Recipe: Haricot Mutton I

Rating: 4.8 stars based on 788 reviews


  • 4 lbs. of the middle or best end of the neck of mutton
  • 3 carrots
  • 3 turnips
  • 3 onions
  • pepper and salt to taste
  • 1 tablespoonful of ketchup or Harvey's sauce.


  • Trim off some of the fat, cut the mutton into rather thin chops, and put them into a frying-pan with the fat trimmings.
  • Fry to a pale brown, but do not cook them enough for eating.
  • Cut the carrots and turnips into dice, and the onions into slices, and slightly fry them in the same fat that the mutton was browned in, but do not allow them to take any colour.
  • Now lay the mutton at the bottom of a stewpan, then the vegetables, and pour over them just sufficient boiling water to cover the whole.
  • Give one boil, skim well, and then set the pan on the side of the fire to simmer gently until the meat is tender.
  • Skim off every particle of fat, add a seasoning of pepper and salt, and a little ketchup, and serve.

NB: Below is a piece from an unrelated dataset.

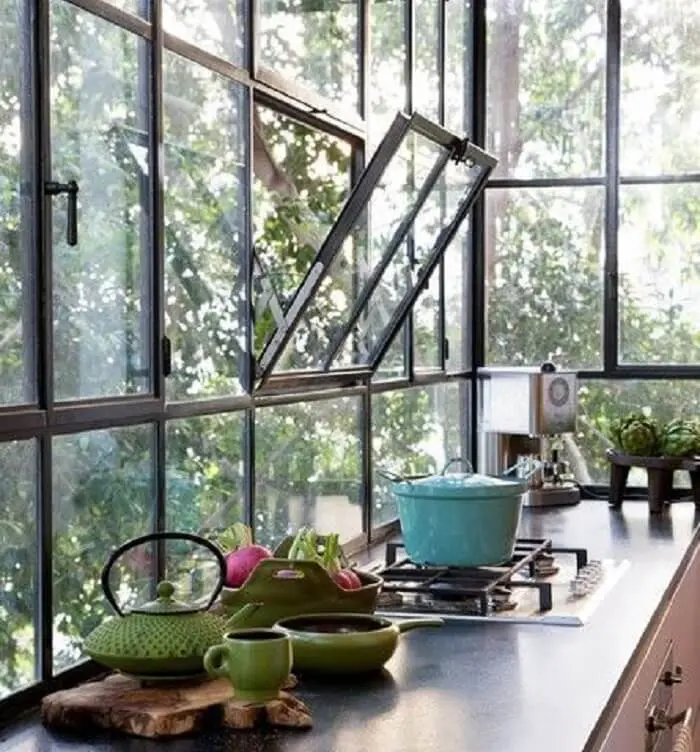 Este tipo de janela proporciona uma boa visibilidade da área externa, por isso é ideal para cozinhas voltadas para jardins ou vistas bonitas da região.

This dish is very much better if made the day before it is wanted for table, as the fat can be so much more easily removed when the gravy is cold.

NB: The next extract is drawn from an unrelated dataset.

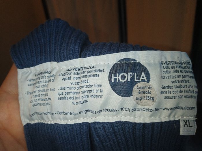 A servi juste quelques moi avant que mon enfant dépasse les 15 kg Acheté neuve Taille XL Moi je l'ai acheté pour l'hiver par dessus un manteau je Fais du L et c'était parfait. Bleue côtelé Bien entretenue toujours lavée a 30 ° en machine

This should be particularly attended to, as it is apt to be rather rich and greasy if eaten the same day it is made.

It should be served in rather a deep dish.

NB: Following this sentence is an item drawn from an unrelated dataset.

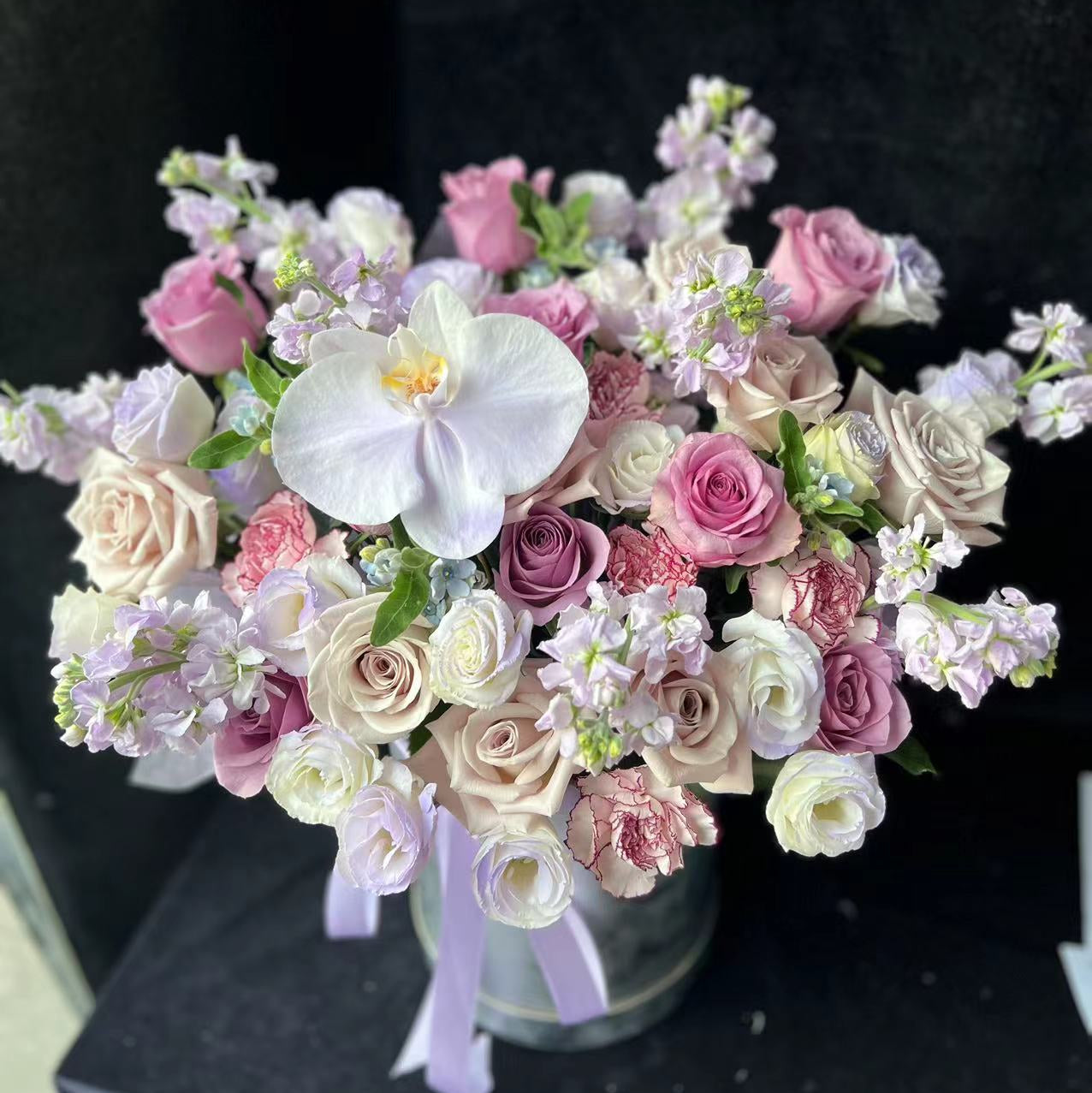 香港花店|Purple Rose Box紫玫瑰花桶 花盒 即日送貨

Time.—2-1/2 hours to simmer gently. Average cost, for this quantity, 3s. Sufficient for 6 or 7 persons. Seasonable at any time.

Beeton, Mrs. Isabella Mary. The Book of Household Management.

Published Originally By S. O. Beeton in 24 Monthly Parts 1859-1861.

First Published in a Bound Edition 1861.


har·i·cot n.

    A highly seasoned mutton or lamb stew with vegetables.

    [French, from Old French hericot, hericoq, possibly from harigoter, to cut into pieces, probably of Germanic origin.]